Race organisers had to move buoys in the shifty winds which further delayed scheduled races (see official communications). Timely weather reports had on-water safety boats rounding up sailors to return to the dock and hustle everyone into shore shelter, before lightning and thunderstorms hit the sailing area of Marina Bay.

==Race management==
The sailing organization was handled by the Singapore Sailing Federation and Singapore Disability Sports Council, in partnership with the APG Organising Committee (SAPGOC). Sailing volunteers helped launch or retrieve boats, assisted wheelchair-using sailors to safely traverse the ramp to the floating dock on the Bayfront, brought packed lunches and ran many errands so sailors could concentrate on their game.

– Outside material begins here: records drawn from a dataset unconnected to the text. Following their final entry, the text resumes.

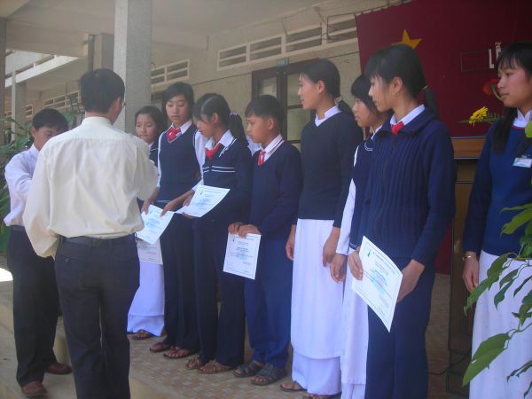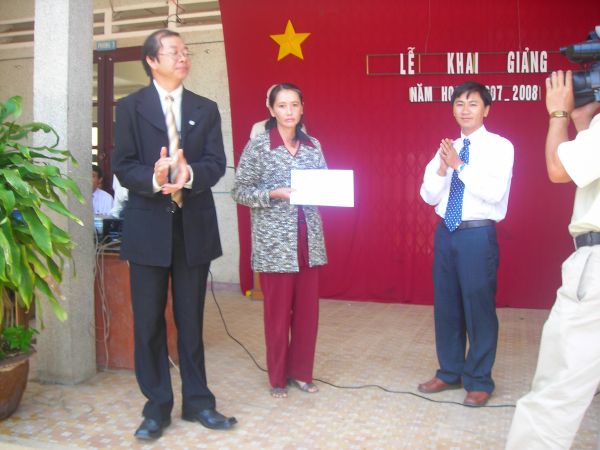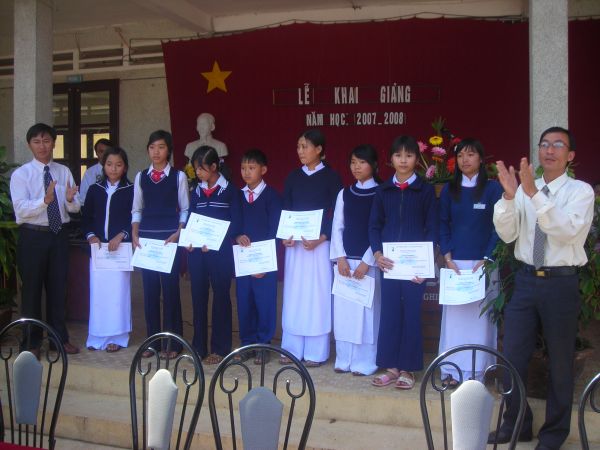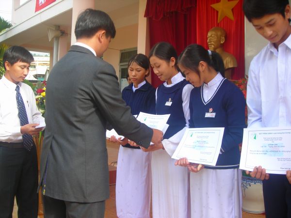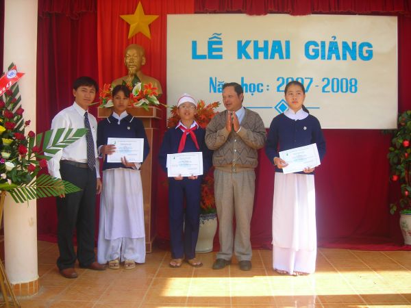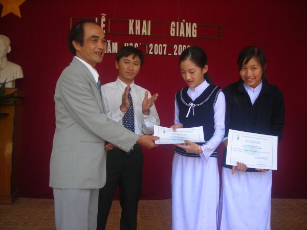 Lễ trao học bổng đã diễn ra ngay trong ngày khai giảng năm học, 05/09/2007, tại các trường, do anh Phạm Quốc Văn, đại diện BĐH Quỹ Thông Xanh về trao.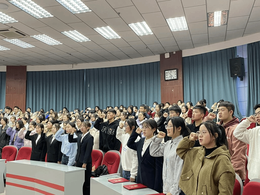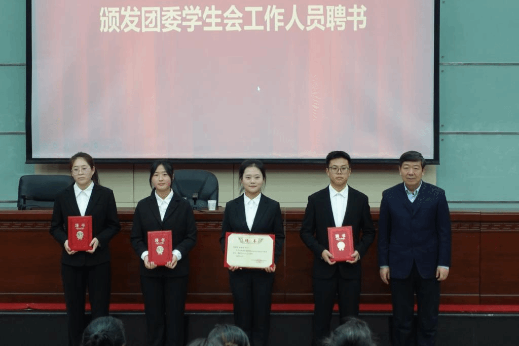 换届大会环节,公司负责人宣布了护理公司党委关于第四届团委员工会组织工作人员的任命名单,并为工作人员代表颁发了《聘书》,护理学211班潘彤作表态发言,全体团学工作人员集体宣誓。开班仪式环节,团学组织工作人员代表分别宣读了培训班方案和班级公约。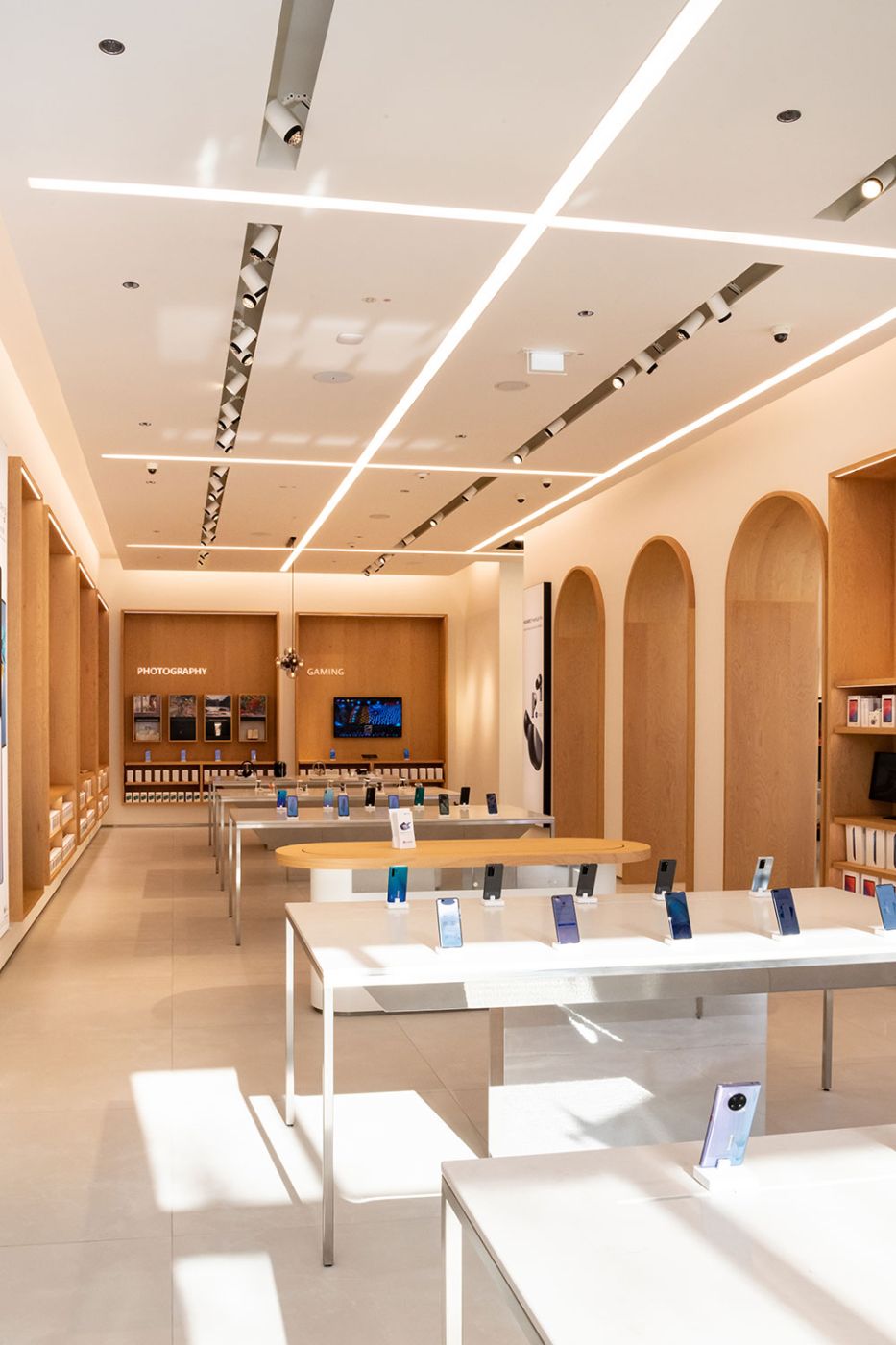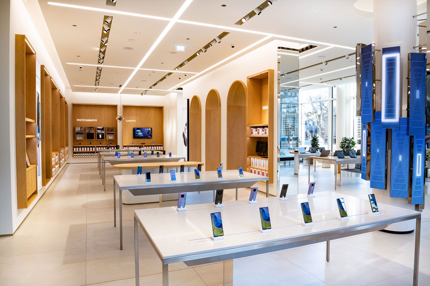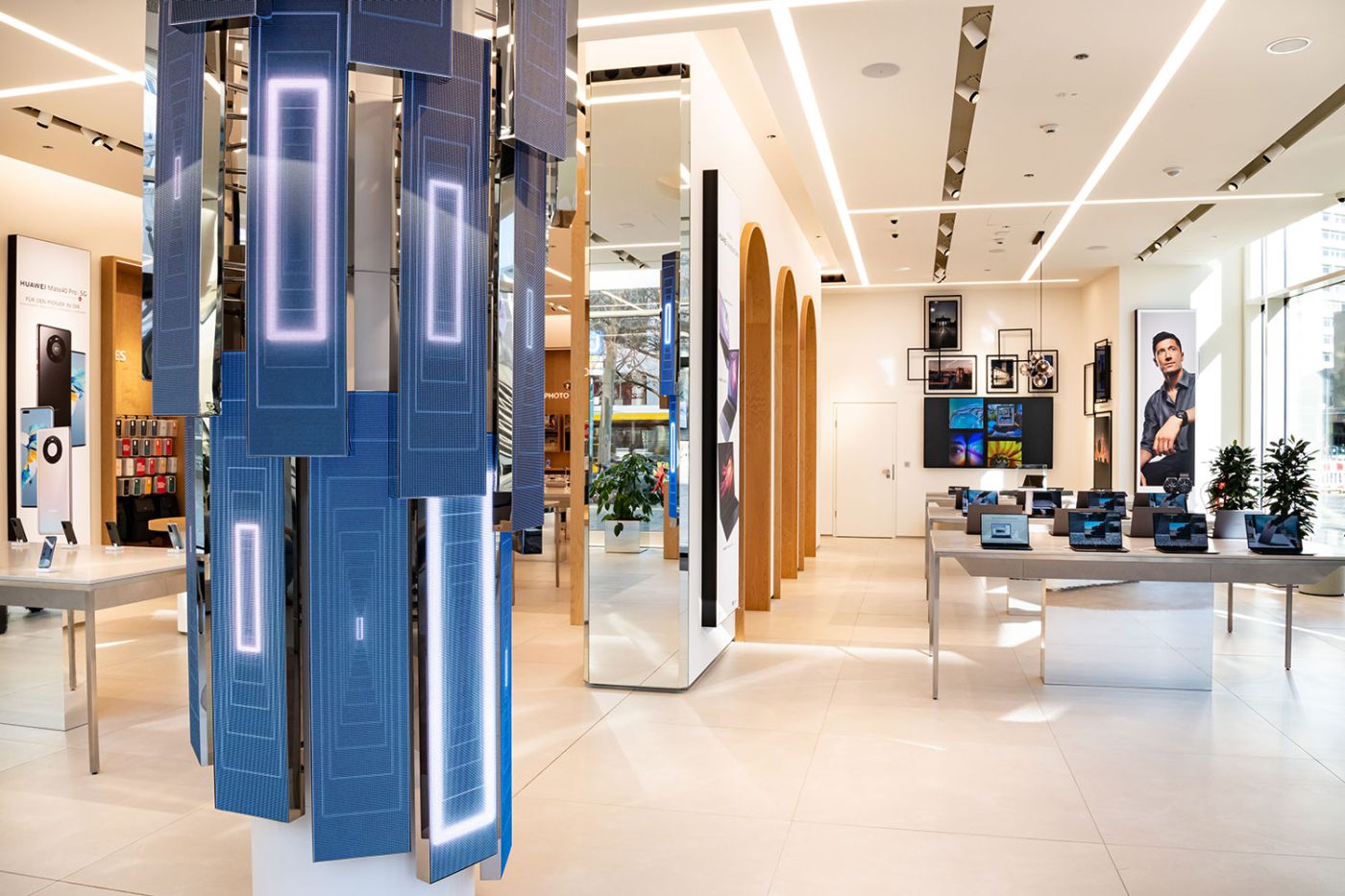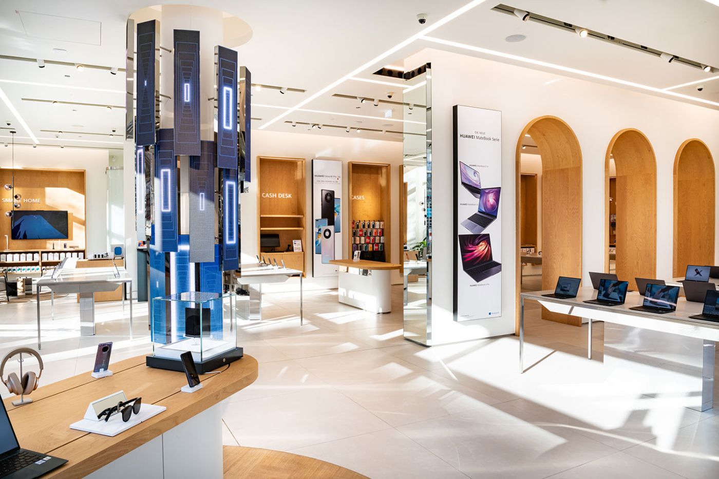 Il nuovo store Huawei di Berlino è un affascinante mix di eleganza e tecnologia. Inserti in legno, archi e colore bianco sono gli elementi principali, e caratteristici, della location.

Medical assistance was keenly on standby, with safety precautions in place to constantly remind sailors, organisers and spectators to keep well hydrated. No medical incidents required aid.

PRO:
- Andrew Foo SIN

Jury:
- Chairman – Katsuya Hashiba IJ JAP
- Vice Chairman – Chu Say Ng IJ MAS
- Lock Hong Kit IJ SIN
- Tan Tee Suan IJ SIN
- Kyaw Omar NJ MYA

Technical Delegate:
- Sir Henry Sleutel NED

Measurer:
- Ho Kah Soon

Classifiers:
- Chairman – Bernard Destrube FRA
- Sue Parry GBR
- Darren Leong SIN
- Ben Tan Sin SIN

==Participating nations==
A total of 18 athletes from 4 nations competed in para sailing at the 2015 ASEAN Para Games.

==Medal summary==

===Medal table===

| Rank | Nation | Gold | Silver | Bronze | Total |
|---|---|---|---|---|---|
| 1 | Singapore (SIN)* | 2 | 0 | 2 | 4 |
| 2 | Malaysia (MAS) | 1 | 1 | 0 | 2 |
| 3 | Philippines (PHI) | 0 | 2 | 1 | 3 |
| Totals (3 entries) |  | 3 | 3 | 3 | 9 |

===Medalists===
| Single-Person Keelboat | Men's Hansa 2.3 | Al Mustakim bin Matrin (MAS) | Alson Callos Tumbagahan (PHI) | Aaron Per Yong Quan (SIN) |
| Single-Person Keelboat | Women's Hansa 2.3 | Yap Qian Yin (SIN) | Cherrie Samonte Pinpin (PHI) | Clytie Orencio Bernardo (PHI) |
| Two-Person Keelboat | Open Hansa 303 Wide | Tan Wei Qiang Jovin Teo Kee Lin Anthony | Mustafah Bin Junell Nurul Amilin Binti Balawi | Lim Kok Liang Desiree Tan Kai Rong Glen |

| Event | Class | Gold | Silver | Bronze |
|---|---|---|---|---|
| Single-Person Keelboat | Men's Hansa 2.3 | Al Mustakim bin Matrin Malaysia | Alson Callos Tumbagahan Philippines | Aaron Per Yong Quan Singapore |
| Single-Person Keelboat | Women's Hansa 2.3 | Yap Qian Yin Singapore | Cherrie Samonte Pinpin Philippines | Clytie Orencio Bernardo Philippines |
| Two-Person Keelboat | Open Hansa 303 Wide | Singapore (SIN) Tan Wei Qiang Jovin Teo Kee Lin Anthony | Malaysia (MAS) Mustafah Bin Junell Nurul Amilin Binti Balawi | Singapore (SIN) Lim Kok Liang Desiree Tan Kai Rong Glen |

==Future Developments==
Pre-regatta sailing workshops conducted by SDSC and Sailability Singapore helped jumpstart ASEAN interest in sailing in 2006. Malaysia likewise logging similar Paralympic Sailing expertise means sailing is definitely included in the succeeding ASEAN Para Games in Malaysia (2017) and the Philippines (2019). Vietnam fielded a new batch of sailors to this APG while Indonesia and Thailand have indicated interest to organize their para sailing in 2016, starting with the Bali International Sailing Regatta 2016 as a pathway leading to elite para sailing development.